16. A therapeutic composition, a diagnostic composition, or a combination thereof, comprising one or more antibodies according to any one of claims 1-13.

17. The PDGFR β antibody according to any one of claims 1-13, for use as targeting agent, diagnostic agent, therapeutic agent or any combination thereof.

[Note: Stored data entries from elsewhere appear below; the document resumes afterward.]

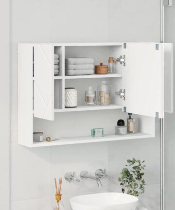 Dieser Holz-Badezimmerspiegel-Schrank ist eine coole und stylische Möglichkeit, deine Badutensilien in den Griff zu bekommen. Das wandmontierte Design sorgt für ein sauberes Flair und ist somit die ideale Wahl für moderne Häuser mit wenig Platz. Mit seiner klaren rechteckigen Form vereint er Funktionalität und zeitgenössischen Stil und bringt ein wenig Raffinesse in dein Badezimmer. Egal, ob du praktische Aufbewahrung oder ein schickes Deko-Stück suchst, dieser Schrank macht deinen Raum wirklich schicker – perfekt für Leute, die Einfachheit und Ordnung schätzen. Materialien: Aus Holzwerkstoff gefertigt, ist dieser Badezimmerspiegel-Schrank robust und behält einen eleganten modernen Look. Er hält viel Feuchtigkeit stand – perfekt für ein Badezimmer. Zudem gibt die subtile Maserung einen Hauch von natürlichem Stil, der zu minimalistischen oder modernen Dekoren passt. Eingeschlossene Komponenten: Mit einem glatten Spiegel und einer flächenbündigen Tür mit Kantengriffen kombiniert dieser Schrank Stil und praktische Nutzung. Der Spiegel liefert eine klare Reflexion für dein Grooming und verschönert die Deko. Die flächenbündige Tür verstaut alles ordentlich, während die Kantengriffe das moderne Feeling unterstreichen. Eigenschaften / Funktion / Design: Das wandmontierte Design spart Platz auf dem Boden. Die starke Konstruktion sorgt für einen stabilen Halt, wenn er sicher an der Wand befestigt ist. Mit seinem klaren, einfachen Look hilft er, Unordnung zu reduzieren und schafft ein offenes, luftiges Ambiente in deinem Zuhause. Empfohlene Verwendung: Perfekt für kleinere Badezimmer, schmiegt sich dieser Schrank eng an die Wand und nutzt den Platz optimal. Er eignet sich super zum Aufbewahren von Toilettenartikeln, Medikamenten und Grooming-Zubehör. Ideal für städtisches Leben, passt er sowohl in private als auch in Gäste-Badezimmer und sorgt für Ordnung im Grooming-Bereich. Pflege & Wartung: Um ihn in Topform zu halten, einfach mit einem feuchten Tuch abwischen, um Staub und Feuchtigkeit zu entfernen. Vermeide aggressive Chemikalien oder raue Materialien, um Schäden zu verhindern. Und um sicherzugehen, dass er frisch aussieht, überprüfe regelmäßig, ob er stabil montiert ist und ziehe bei Bedarf die Befestigungen nach, damit er über die Jahre schick bleibt.
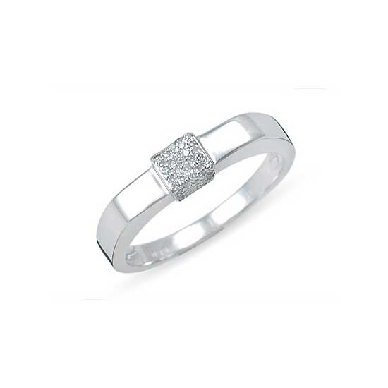 This simple polished 14-carat white gold ring is highlighted by the 56 small diamonds set in the middle. The round-shaped diamonds are delicately cut and polished, creating ultra sparkling effect. This simply gorgeous ring is a presentation of beauty in simplicity. Sending this to your special one will leave her a good impression.
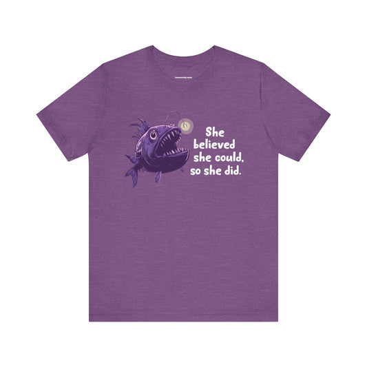Deep Sea Anglerfish T-shirt - "She Believed She Could, So She Did" - Feminist Statement Tee, Gift for Women Empowerment
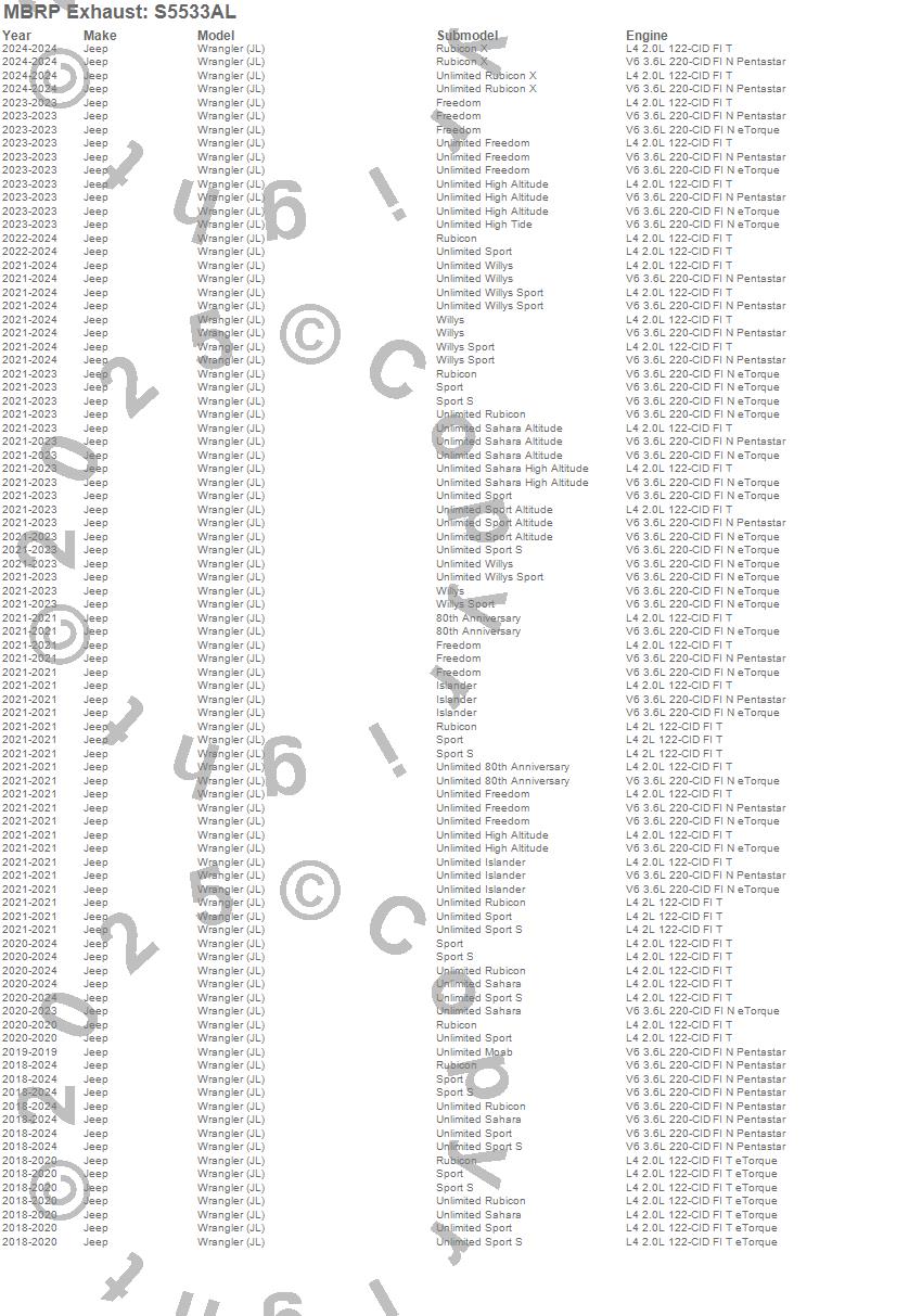 Below is an abbreviated list of applications for the Armor Lite Cat Back Exhaust System.
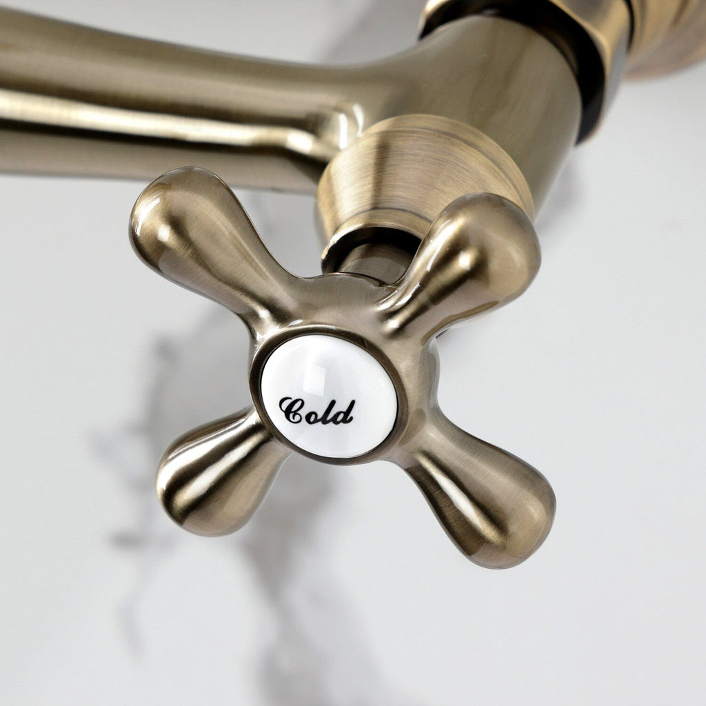 English Country Double-Handle 2-Hole Wall Mount Bathroom Faucet
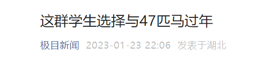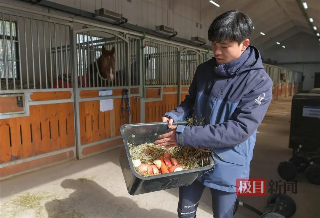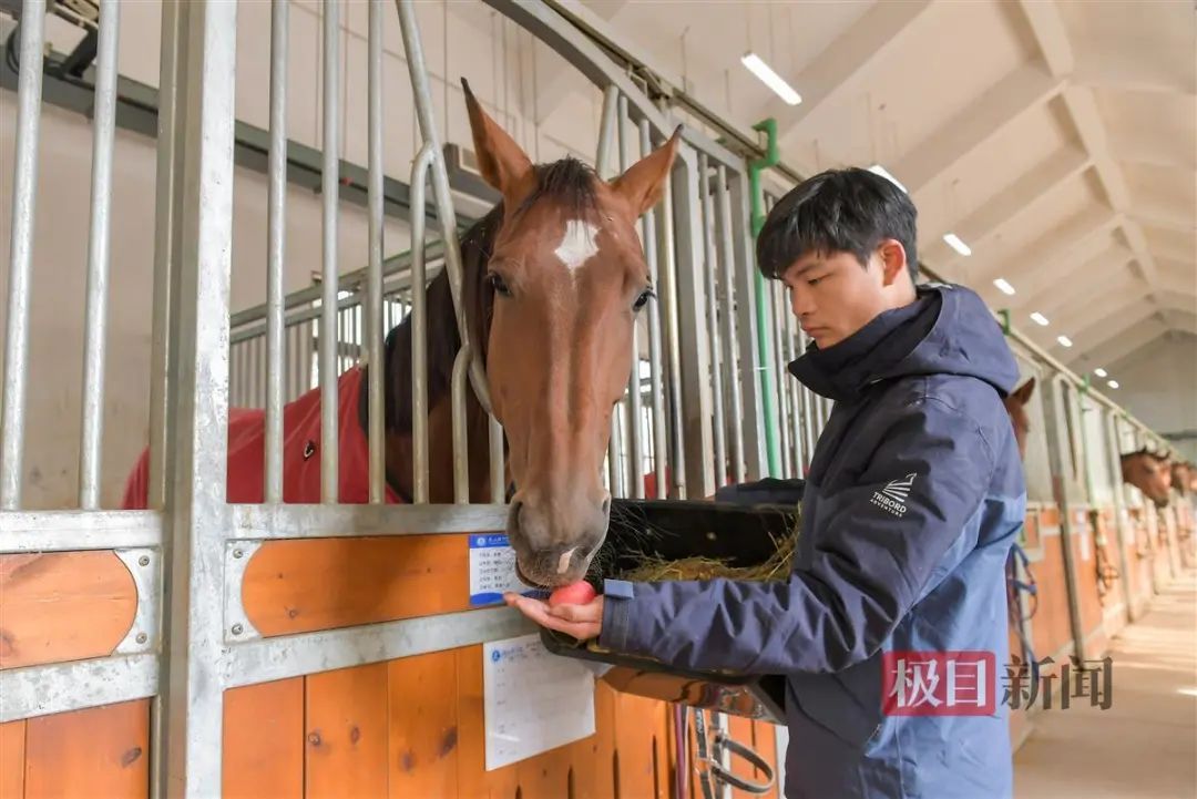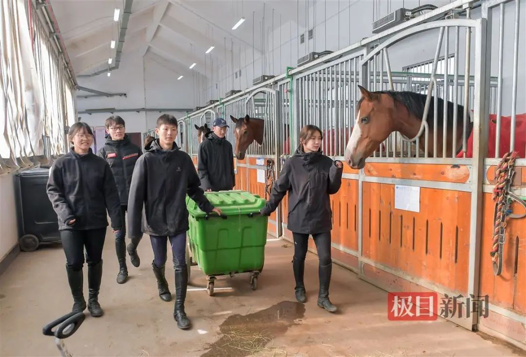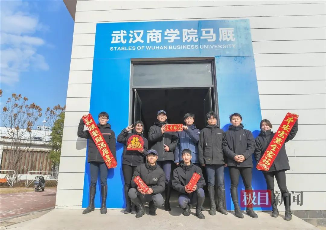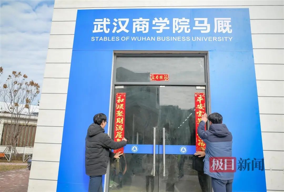 极目新闻记者在现场看到,留校的9名学生正忙着清扫马厩,贴春联,给马儿穿新衣,精心制作马儿专属团年饭,陪马房里的47匹马过农历新年。
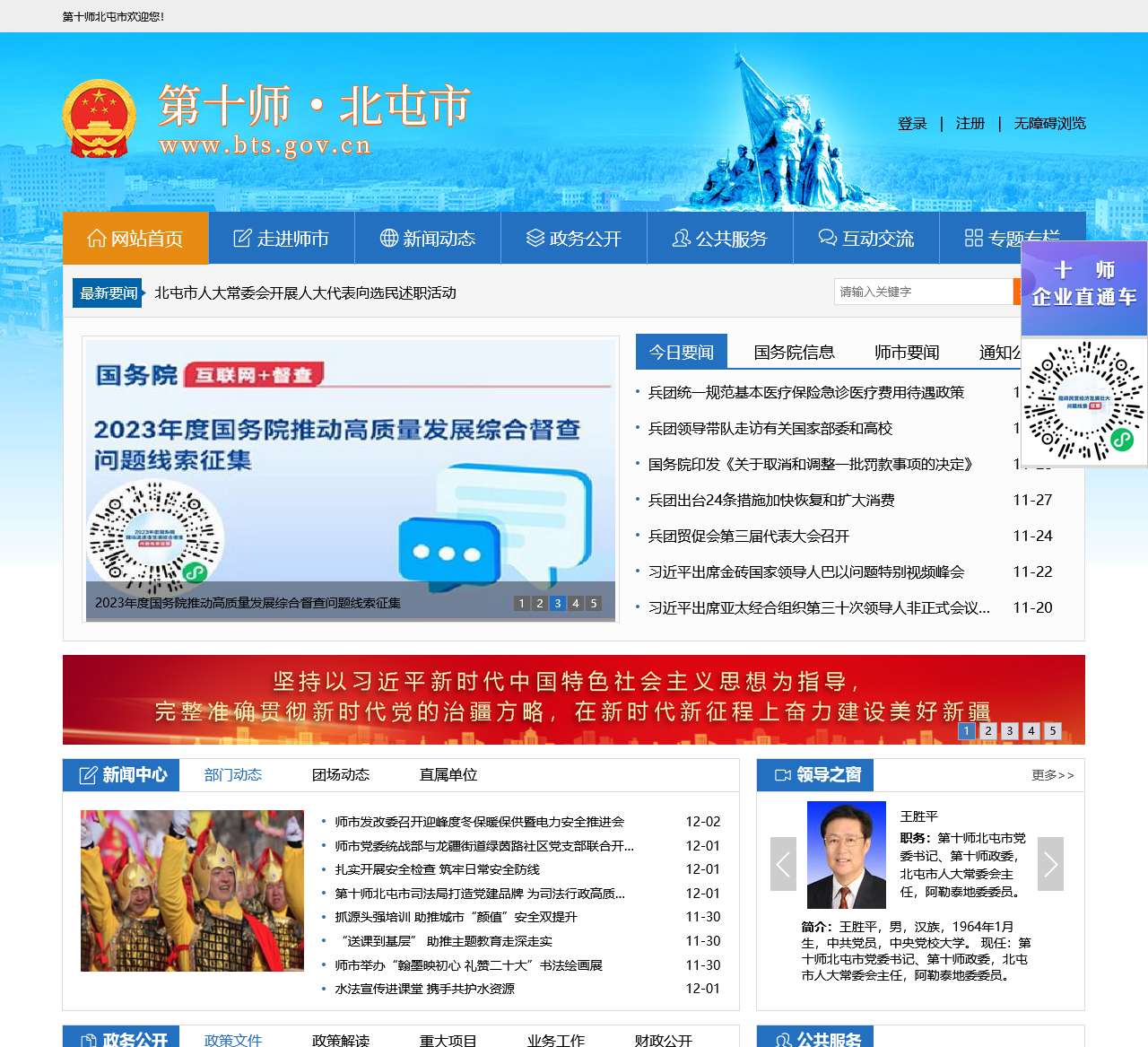 欢迎访问第十师北屯市政府网站!本站致力于为广大市民提供及时、准确、便捷的政务信息和服务。以下是网站首页内容的整理:
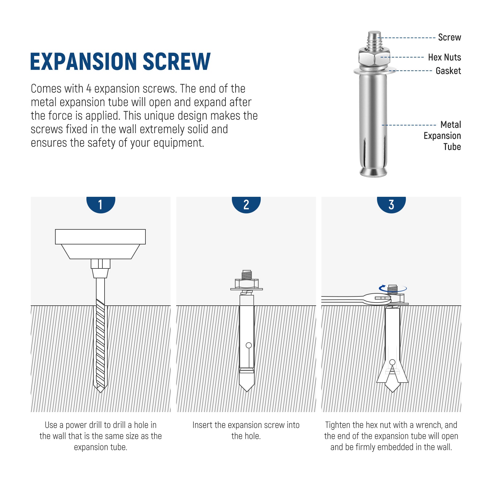 - Fixations incluses : 6 vis autotaraudeuses et 4 vis d’expansion sont fournies pour une installation simple et sécurisée. Tournevis et perceuse non inclus.
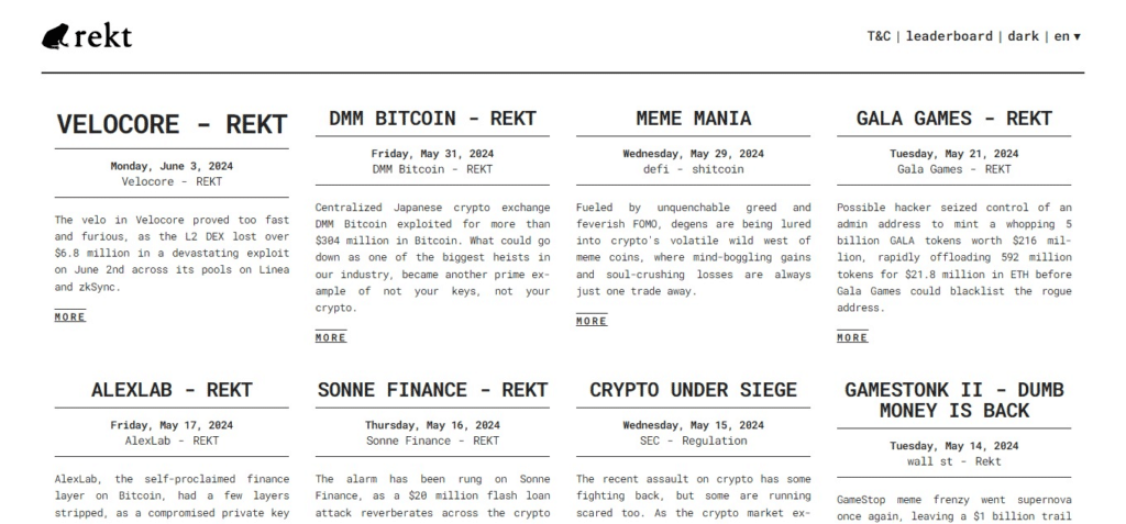 “Buying on the dip and finding out that it was only the opening of being destroyed.” “Rekt: when you disregard all advice and bet everything on a coin based on a joke.”
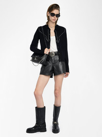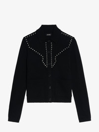 Knit jacket with shirt collar and metallic stud details. Description & details - Cardigan in wool and cashmere - Metallic stud details - Shirt collar - Button fastening - Patch pockets - Long sleeves Model is 180 cm / 5' 10" and is wearing a size S This item fits true to size. Choose your usual size. Composition 90% Wool 10% Cashmere Care - Hand-wash or machine-wash on a 20°C wool cycle with a maximum spin speed of 400 rpm - Do not wring - Air dry flat - Iron inside out at a maximum of 110°C, avoiding any customised details Product code: KWCA01648_BLACK

18. The PDGFR β antibody of any one of claims 1-13 for use in a method of diagnosing and/or treatment of a PDGF- mediated disease or medical condition in a mammal.

19. The PDGFR β antibody for use according to claim 18, wherein said PDGF-mediated disease or medical condition is cancer, restenosis, fibrosis, angiogenesis, renal disease or cardiovascular disease.

20. The PDGFR β antibody for use according to claim 18 or 19, wherein the method for treatment further comprises the administration of at least one further (chemo/(radio)therapeutic agent.

21. A method for diagnosing and/or treating of a PDGF- mediated disease or medical condition in a mammalian subject, preferably a human subject, comprising administering to the subject a PDGFR β antibody of any one of claims 1-13.

22. The method according to claim 21, wherein said PDGF-mediated disease or medical condition is cancer, restenosis, fibrosis, angiogenesis, pulmonary disease, renal disease or cardiovascular disease.

23. The method of treatment according to claim 21 or 22, wherein the treatment further comprises the administration of at least one further (chemo)therapeutic agent.